■ **Task requirements**:
If a line below falls between the line with "TR-1299 | MARKLESS" and the line with "- くら寿司 ブルーロック缶バッジ", or is one of those two, output it exactly; output nothing else and no pictures.

■ **Data to process**:
..............................

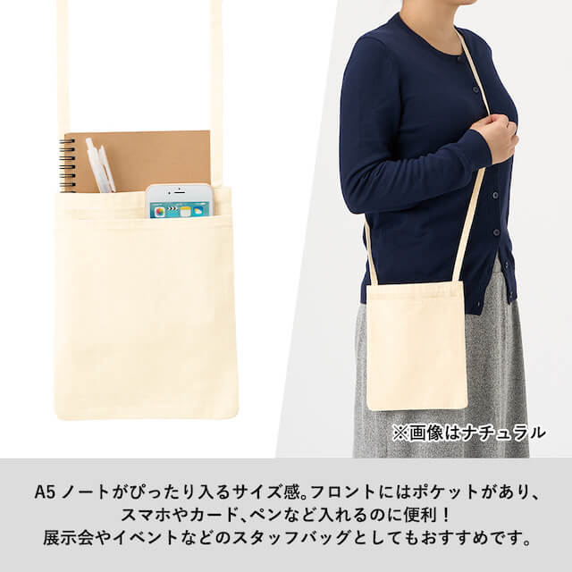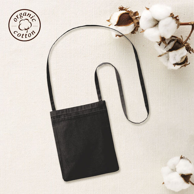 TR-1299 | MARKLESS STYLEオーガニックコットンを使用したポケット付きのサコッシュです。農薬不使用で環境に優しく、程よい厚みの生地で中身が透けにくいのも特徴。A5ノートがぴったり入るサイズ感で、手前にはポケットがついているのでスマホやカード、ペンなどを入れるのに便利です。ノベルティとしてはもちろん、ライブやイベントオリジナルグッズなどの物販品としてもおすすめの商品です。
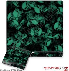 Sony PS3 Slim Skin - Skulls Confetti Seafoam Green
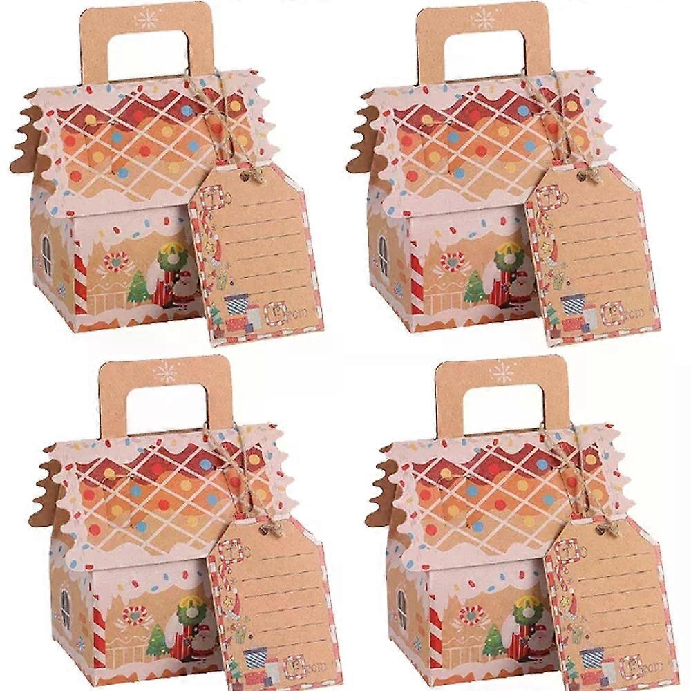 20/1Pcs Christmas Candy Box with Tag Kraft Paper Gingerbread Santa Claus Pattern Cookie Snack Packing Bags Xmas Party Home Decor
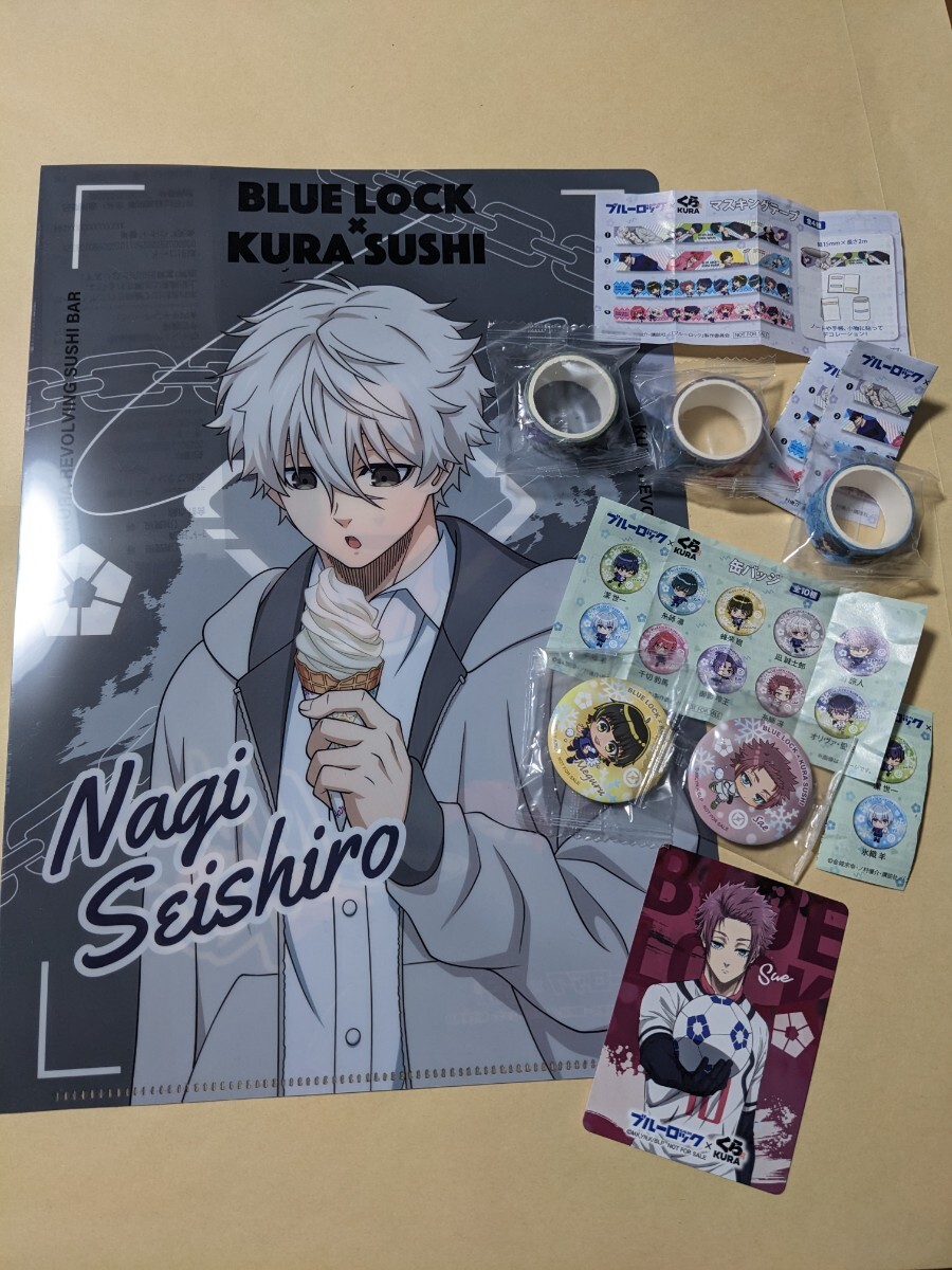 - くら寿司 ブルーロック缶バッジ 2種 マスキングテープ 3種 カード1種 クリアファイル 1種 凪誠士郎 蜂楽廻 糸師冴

..............................

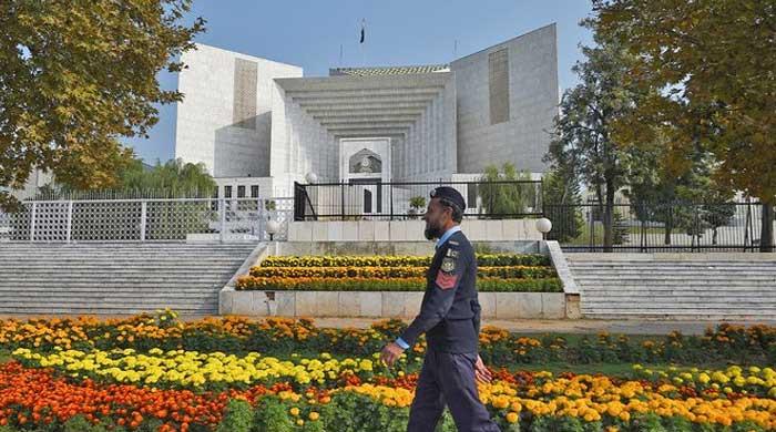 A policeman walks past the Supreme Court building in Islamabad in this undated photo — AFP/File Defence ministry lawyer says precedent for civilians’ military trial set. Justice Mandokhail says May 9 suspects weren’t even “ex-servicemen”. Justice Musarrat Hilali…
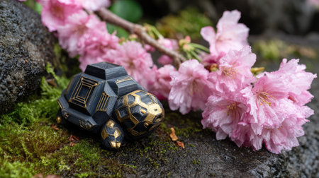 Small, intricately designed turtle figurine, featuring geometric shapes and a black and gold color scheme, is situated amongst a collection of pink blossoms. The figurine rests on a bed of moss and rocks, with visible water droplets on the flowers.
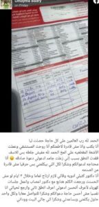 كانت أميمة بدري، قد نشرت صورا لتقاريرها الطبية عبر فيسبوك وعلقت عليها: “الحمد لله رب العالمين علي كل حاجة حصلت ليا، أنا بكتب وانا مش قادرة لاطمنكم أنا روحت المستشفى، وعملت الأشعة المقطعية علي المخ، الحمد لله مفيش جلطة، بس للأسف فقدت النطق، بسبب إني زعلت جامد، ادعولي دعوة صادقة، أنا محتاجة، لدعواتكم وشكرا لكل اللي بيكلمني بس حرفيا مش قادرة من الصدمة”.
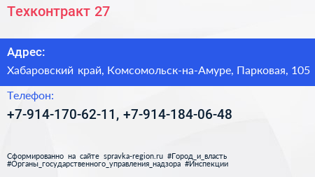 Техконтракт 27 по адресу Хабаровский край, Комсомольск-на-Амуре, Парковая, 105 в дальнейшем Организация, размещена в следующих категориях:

..............................

■ **Answer area**:
 TR-1299 | MARKLESS STYLEオーガニックコットンを使用したポケット付きのサコッシュです。農薬不使用で環境に優しく、程よい厚みの生地で中身が透けにくいのも特徴。A5ノートがぴったり入るサイズ感で、手前にはポケットがついているのでスマホやカード、ペンなどを入れるのに便利です。ノベルティとしてはもちろん、ライブやイベントオリジナルグッズなどの物販品としてもおすすめの商品です。
 Sony PS3 Slim Skin - Skulls Confetti Seafoam Green
 20/1Pcs Christmas Candy Box with Tag Kraft Paper Gingerbread Santa Claus Pattern Cookie Snack Packing Bags Xmas Party Home Decor
 - くら寿司 ブルーロック缶バッジ 2種 マスキングテープ 3種 カード1種 クリアファイル 1種 凪誠士郎 蜂楽廻 糸師冴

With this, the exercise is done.